2666, Roberto Bolaño

 

livros longosEstou de acordo com Oscar Amalfitano, protagonista da segunda parte de 2666 (uma dessas obras “grandes obras, imperfeitas, torrenciais, as que abrem caminhos no desconhecido”). As grandes obras da literatura ocidental – ou pelo menos aquelas nas quais chegamos absolutamente deslocados ao final – não são construídas em poucas páginas, sendo o lugar onde os verdadeiros combates se dão.

Muitos escritores sabiam desse fato e o seguiram à risca. José Saramago não era um homem de poucas palavras. Mesmo nos primeiros romances da chamada fase luminosa, como Levantado do Chão, o Nobel luso já dava mostras de que não daria pouco pano para manga (verdade, 392 páginas não é um calhamaço; no entanto, também não pode ser, digamos, um livrinho fino). Seus romances subseqüentes sempre se mantiveram com uma média de 450 páginas, cheias de frases caudalosas em palavras e de especulações – quer literárias quer filosóficas.

O que falar então dos autores russos do fim do século passado? Dostoievski, nos seus romances da fase madura, não escrevia pouco. As obras parecem mais um labirinto no qual somos jogados e nunca temos certeza se um dia sairemos deles. Os Irmãos Karamazov, última obra dele, é um monumental romance de mil páginas (pelo menos na edição brasileira da Editora 34). Crime e Castigo, cujo mote é o assassinato planejado por Raskonikov e suas conseqüências, também é uma obra extensa, tentando de alguma forma abraçar todo o mundo russo da época, transmitindo aos leitores muito mais do que uma obra comum o faz. (e nem falemos de Guerra e Paz, de Tolstói, pois suas três mil e tantas páginas são um cartão de visitas e tanto).

Poderíamos incluir uma lista sem-fim de autores do século dezenove dados a livros sem fim, mas talvez não passasse de masturbação mental e ato citatório barato.

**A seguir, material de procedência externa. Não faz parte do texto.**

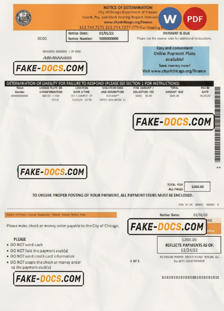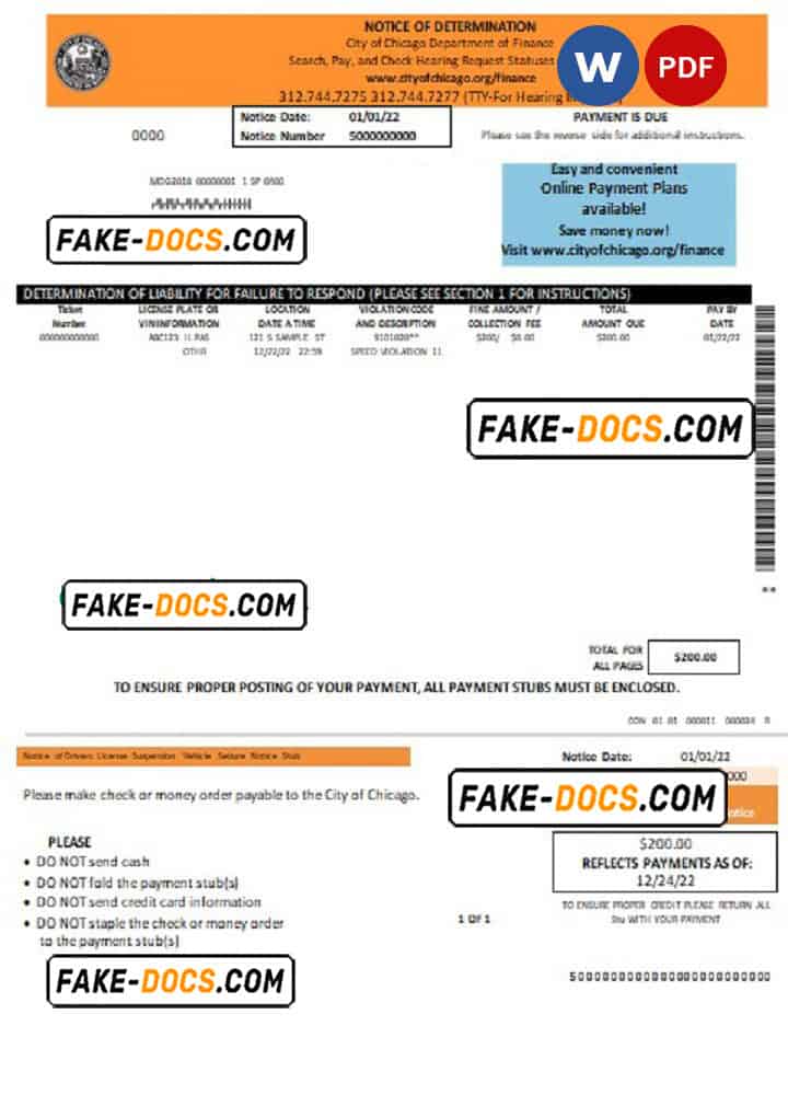 USA Chicago Notice of Determination pay stub Word and PDF template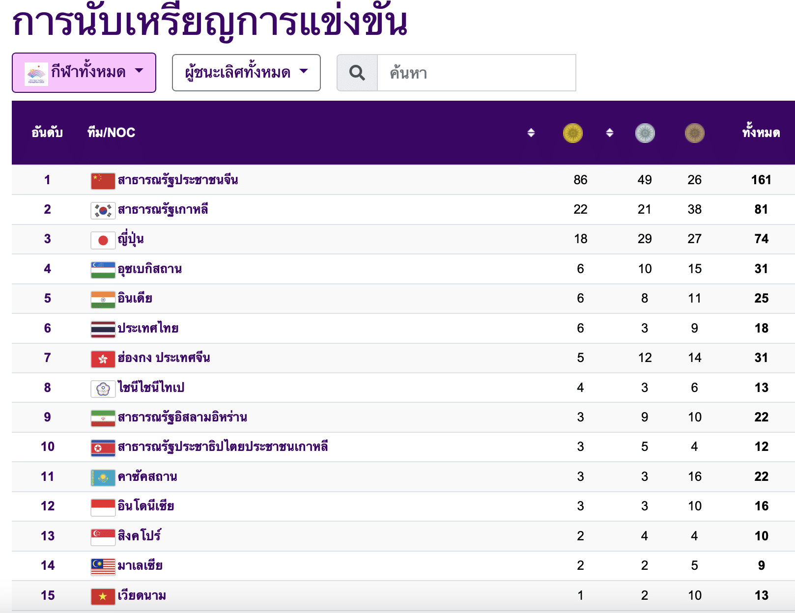 สรุปตารางเหรียญเอเชียนเกมส์ 2022 ล่าสุด 28 ก.ย. 2023 ทุกประเทศ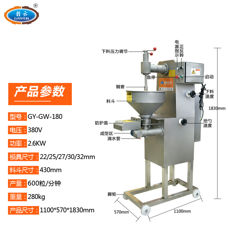 肉丸成型機(jī)械->實(shí)心肉丸機(jī)-> 180型高速挖式貢丸機(jī)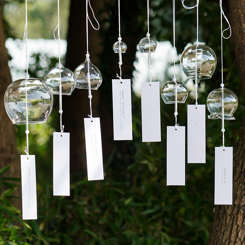 투명 유리 바람 차임 사용자 정의 흰색 판지 흰색 라인 흰색 구슬 명승지 친구 급우 결혼식 복장 보내기스토어 가기

Pensemos, então, o que torna essas obras longas tão especiais e o que as diferencia do resto? Bem, as respostas são muitas e podem ser resumidas num ponto: há uma infinidade de assuntos e temas a serem tratados em obras longas, logo os riscos, como posto por Amalfitano, são muito maiores. Os autores se jogam num caminho incerto ao aceitarem o desafio de criar algo monumental em termo de narrativas. Murakami, em 1Q84, sabia disso e se dispôs a criar uma história capaz de abarcar assuntos muito variados, indo além da simples trama. Ele, como os outros autores de calhamaços, queria tentar algo além da perfeita concisão das grandes obras – um fato irritantemente instigado hoje, não só no Brasil, mas no mundo como um todo. Narrativas mais longas, ainda como põe Amalfitano, dão a possibilidade dos autores divagarem naquelas áreas mais obscuras, transitando em assuntos pantanosos com toda profundidade que desejarem, o que traz grandes resultados às vezes.

Então, isso quer dizer que devemos negar os autores mais contidos e os contistas? É claro que não. Borges não deixará de ser um grande autor por ter suas narrativas voltadas ao conto. Graciliano Ramos nunca deixará de ter sua beleza e carisma devido a sua concisão – muito pelo contrário, é nela que habita ambas as qualidades. Outros autores, acostumados a serem mais breves, também não cometem nenhum pecado por construírem obras relativamente pequenas (Lembrem das palavras de Garcia Márquez: Uma coisa é uma história longe, e outra uma história alongada).

Assim sendo, dê uma chance aos calhamaços sem fim e veja como eles são o lugar onde nossos autores dão a vida para atingir aquele ponto exato no qual a literatura dá uma guinada para frente.